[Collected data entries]
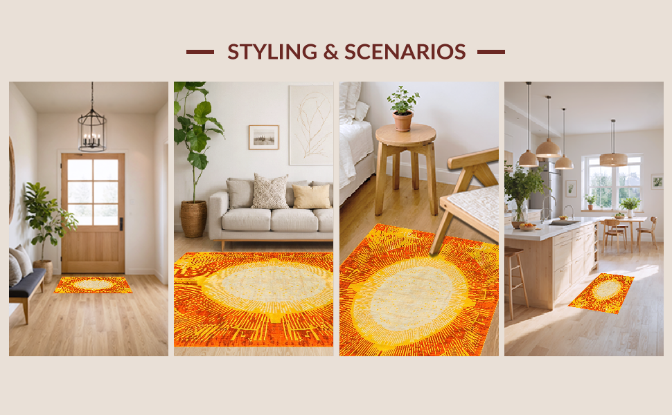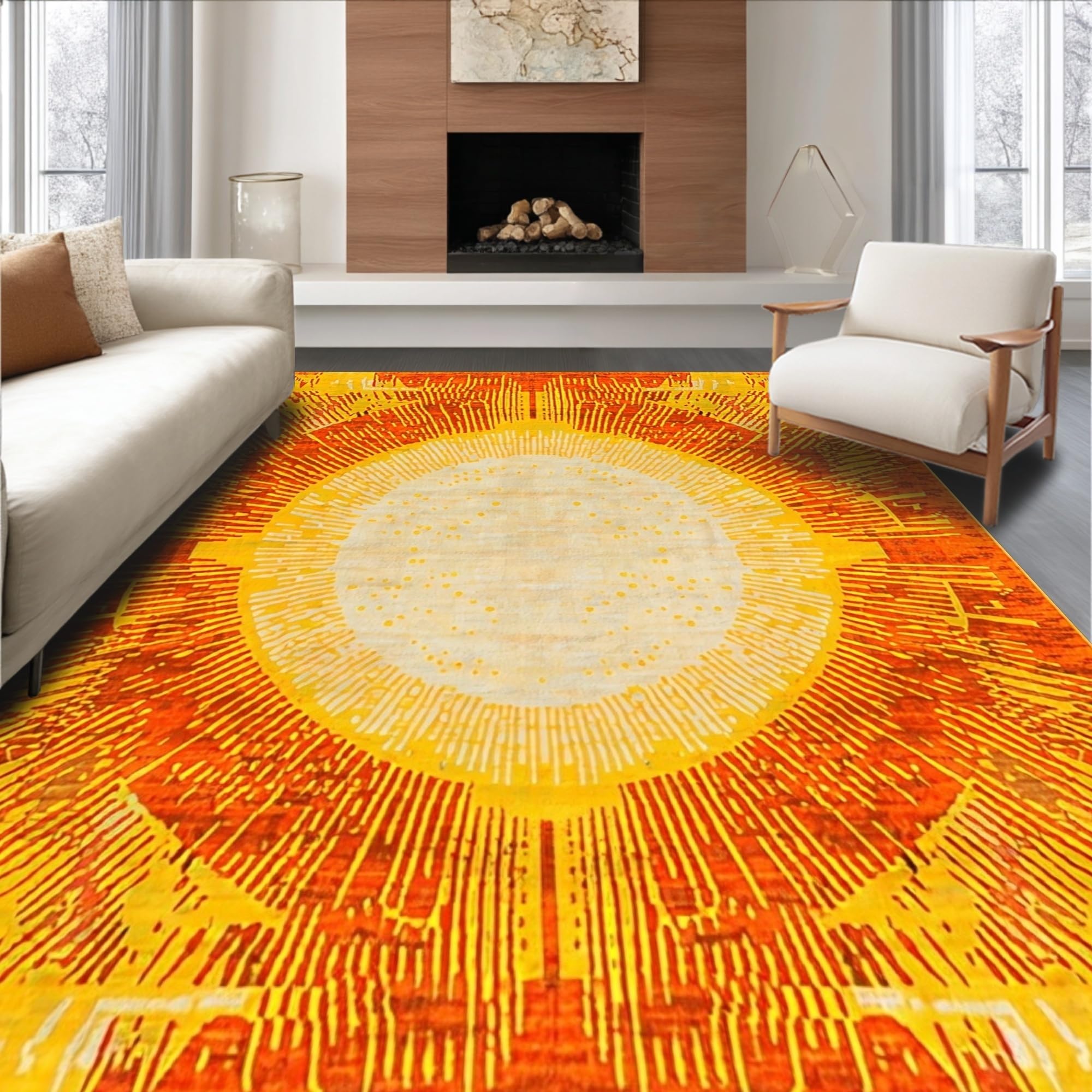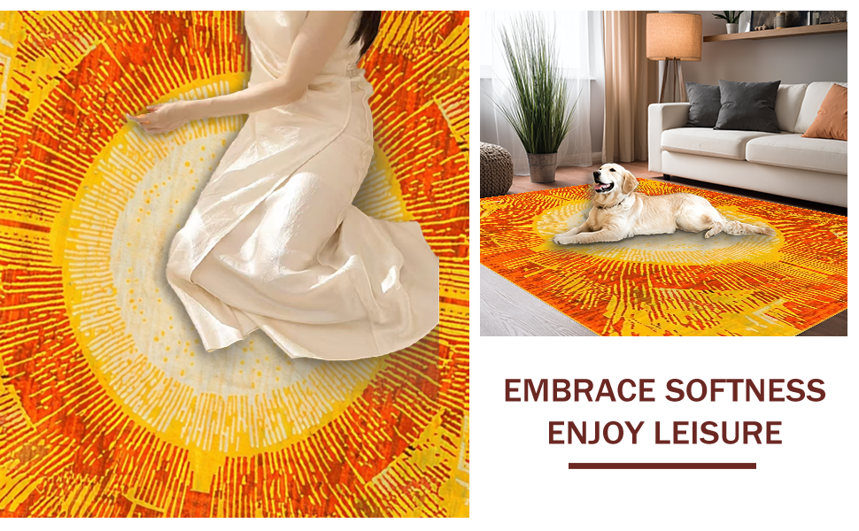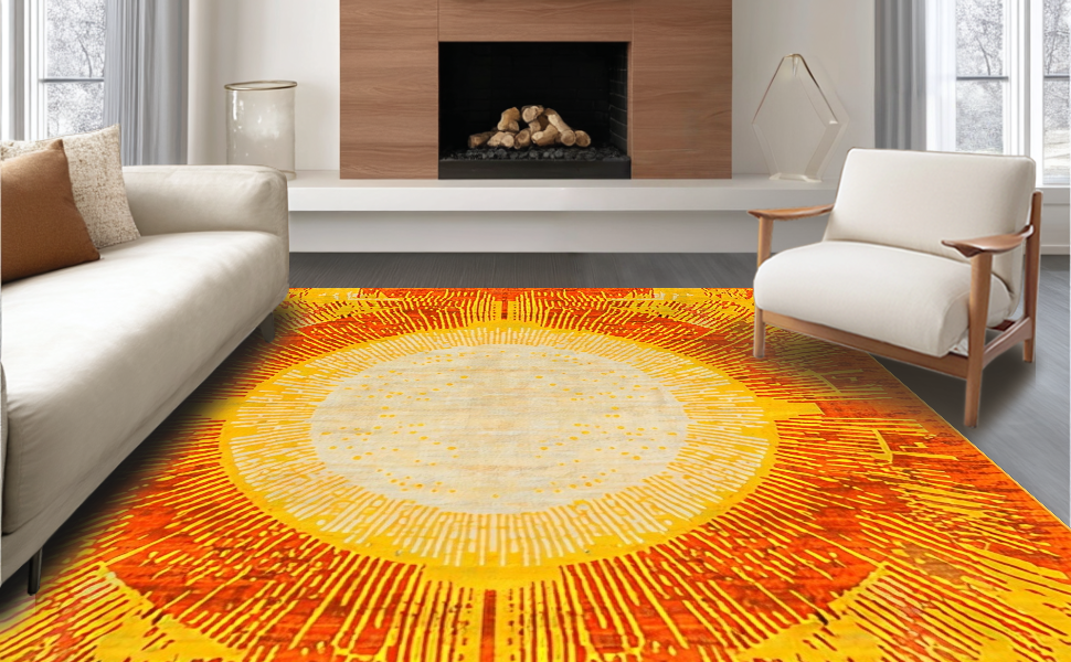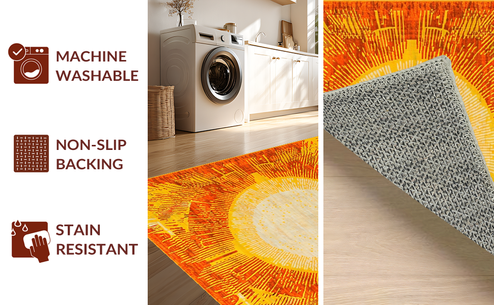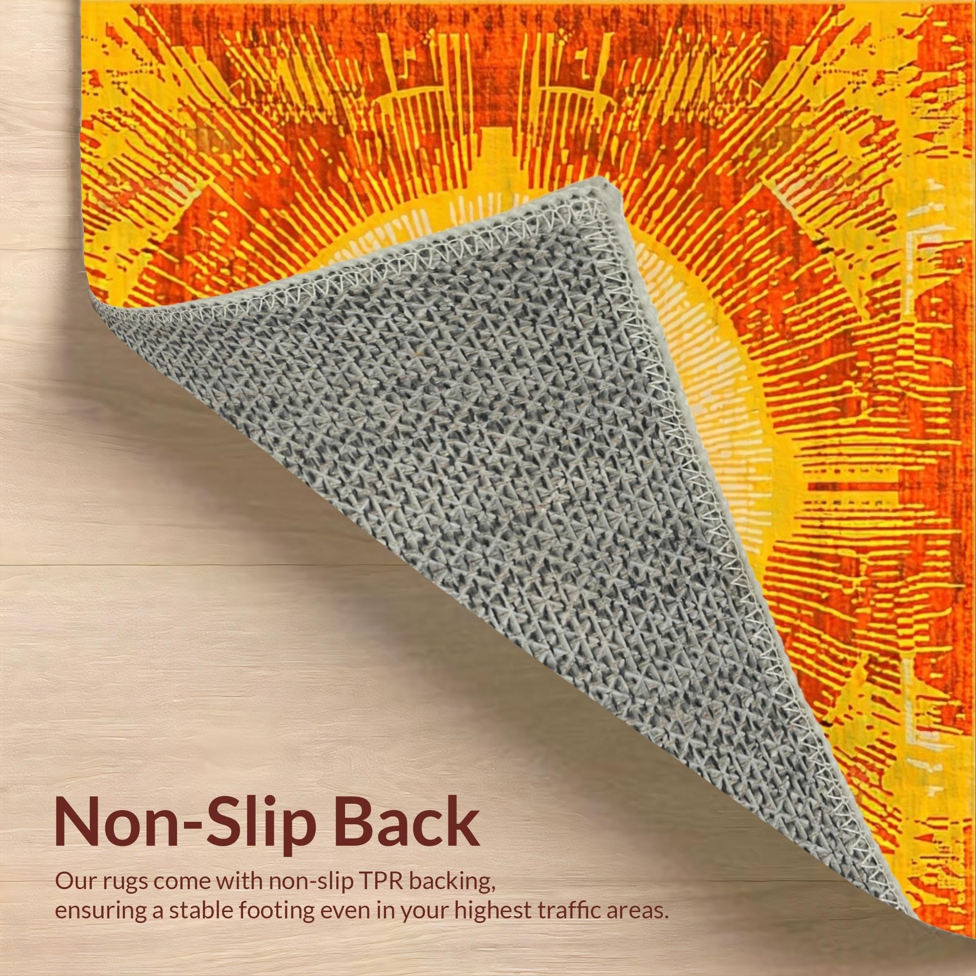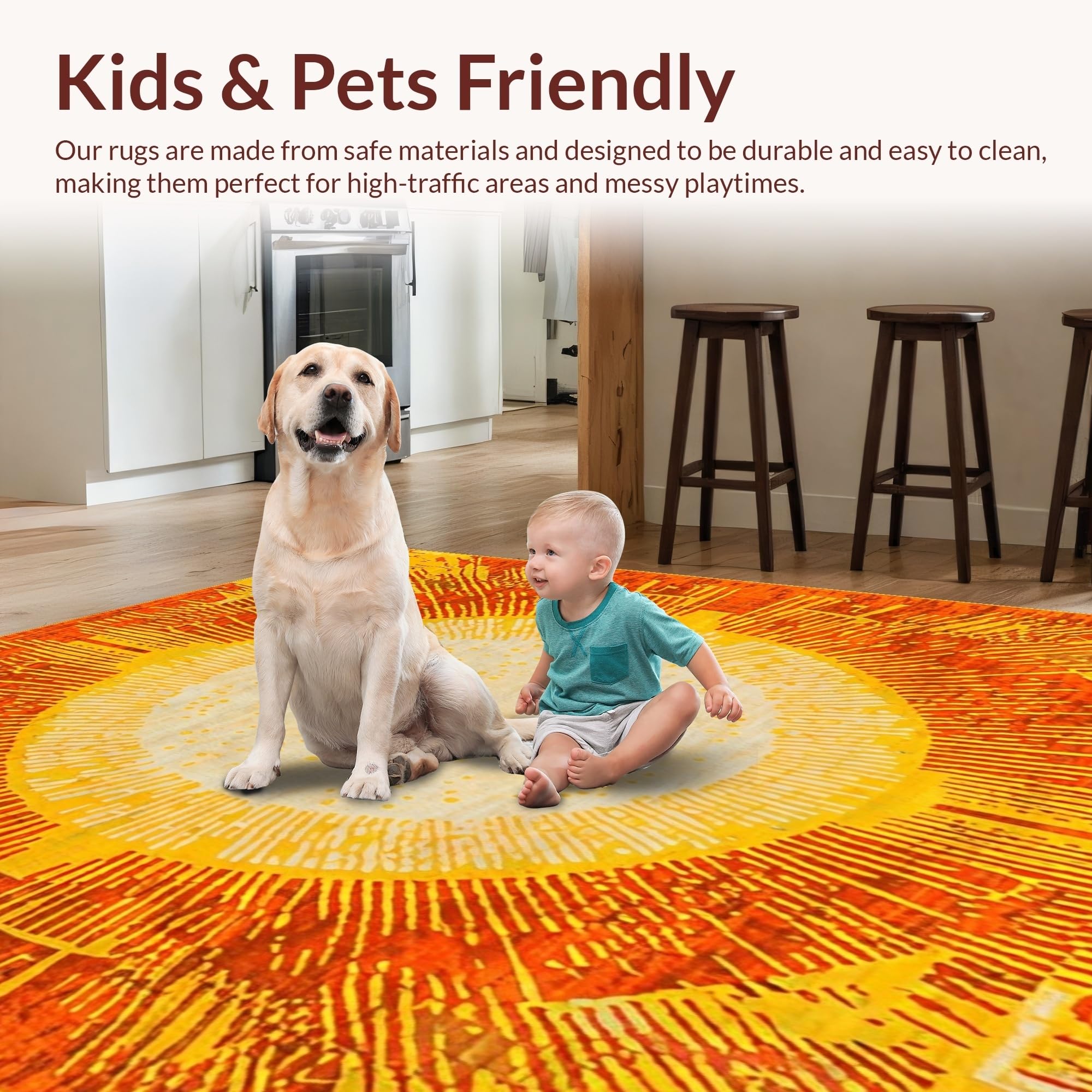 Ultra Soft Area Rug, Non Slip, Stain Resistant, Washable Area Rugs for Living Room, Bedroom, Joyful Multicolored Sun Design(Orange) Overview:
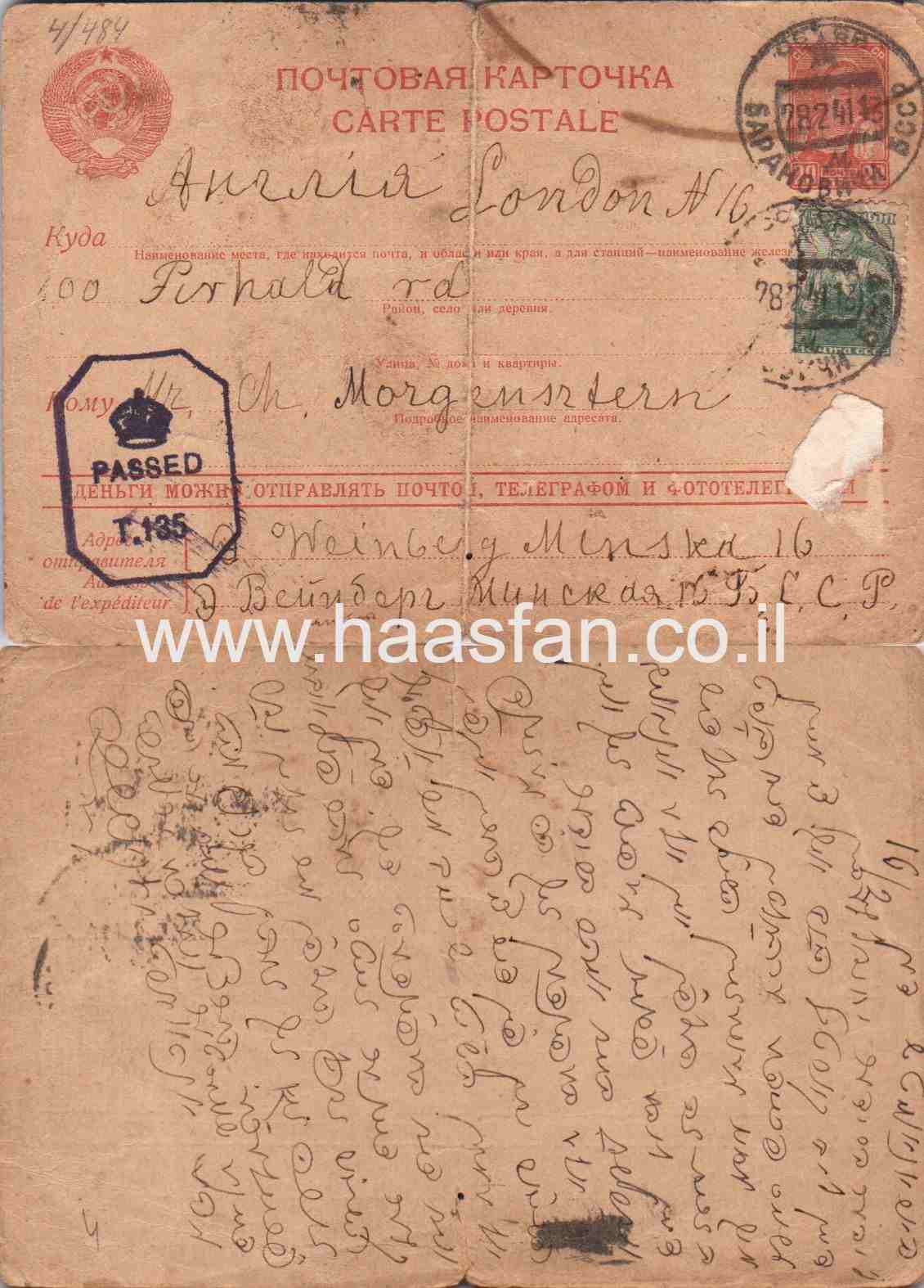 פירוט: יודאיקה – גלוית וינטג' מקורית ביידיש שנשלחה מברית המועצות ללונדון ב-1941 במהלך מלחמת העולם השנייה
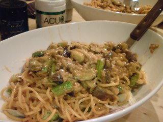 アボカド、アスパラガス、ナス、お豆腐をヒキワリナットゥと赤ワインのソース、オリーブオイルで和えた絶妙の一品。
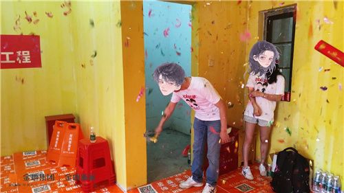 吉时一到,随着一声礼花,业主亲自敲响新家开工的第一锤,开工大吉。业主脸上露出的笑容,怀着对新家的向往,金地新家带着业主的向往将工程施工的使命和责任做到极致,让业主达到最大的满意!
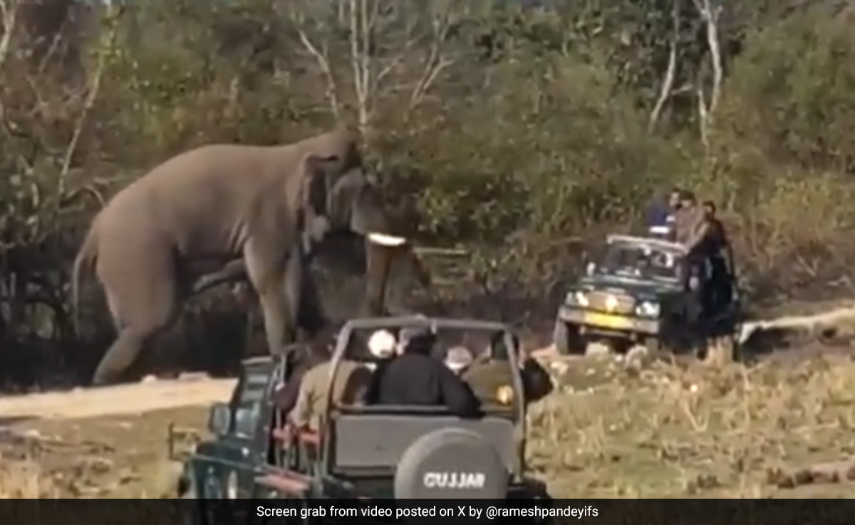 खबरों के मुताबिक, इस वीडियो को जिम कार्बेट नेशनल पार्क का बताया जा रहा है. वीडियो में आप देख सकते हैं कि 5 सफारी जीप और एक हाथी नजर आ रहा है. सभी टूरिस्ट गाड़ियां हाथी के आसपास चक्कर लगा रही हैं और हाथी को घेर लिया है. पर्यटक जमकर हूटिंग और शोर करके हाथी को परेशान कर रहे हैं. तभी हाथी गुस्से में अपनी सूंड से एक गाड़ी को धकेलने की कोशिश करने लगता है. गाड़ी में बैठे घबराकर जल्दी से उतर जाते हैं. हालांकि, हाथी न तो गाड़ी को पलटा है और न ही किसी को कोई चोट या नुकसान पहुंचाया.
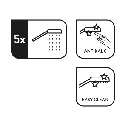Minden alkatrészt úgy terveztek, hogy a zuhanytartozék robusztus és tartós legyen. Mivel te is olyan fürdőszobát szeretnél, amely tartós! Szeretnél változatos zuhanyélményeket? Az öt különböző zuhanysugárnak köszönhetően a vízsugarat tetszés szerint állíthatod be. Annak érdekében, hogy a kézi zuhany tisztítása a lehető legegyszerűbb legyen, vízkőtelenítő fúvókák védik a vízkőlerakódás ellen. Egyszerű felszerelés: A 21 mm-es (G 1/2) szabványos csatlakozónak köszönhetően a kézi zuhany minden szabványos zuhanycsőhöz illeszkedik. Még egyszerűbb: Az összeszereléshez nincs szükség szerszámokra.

=== What is being asked ===
Exactly as they appear, please return only the lines from the first line of the records through the line containing "吉时一到,随着一声礼花,业主", both included, leaving out all pictures.

=== Answer ===
 Ultra Soft Area Rug, Non Slip, Stain Resistant, Washable Area Rugs for Living Room, Bedroom, Joyful Multicolored Sun Design(Orange) Overview:
 פירוט: יודאיקה – גלוית וינטג' מקורית ביידיש שנשלחה מברית המועצות ללונדון ב-1941 במהלך מלחמת העולם השנייה
 アボカド、アスパラガス、ナス、お豆腐をヒキワリナットゥと赤ワインのソース、オリーブオイルで和えた絶妙の一品。
 吉时一到,随着一声礼花,业主亲自敲响新家开工的第一锤,开工大吉。业主脸上露出的笑容,怀着对新家的向往,金地新家带着业主的向往将工程施工的使命和责任做到极致,让业主达到最大的满意!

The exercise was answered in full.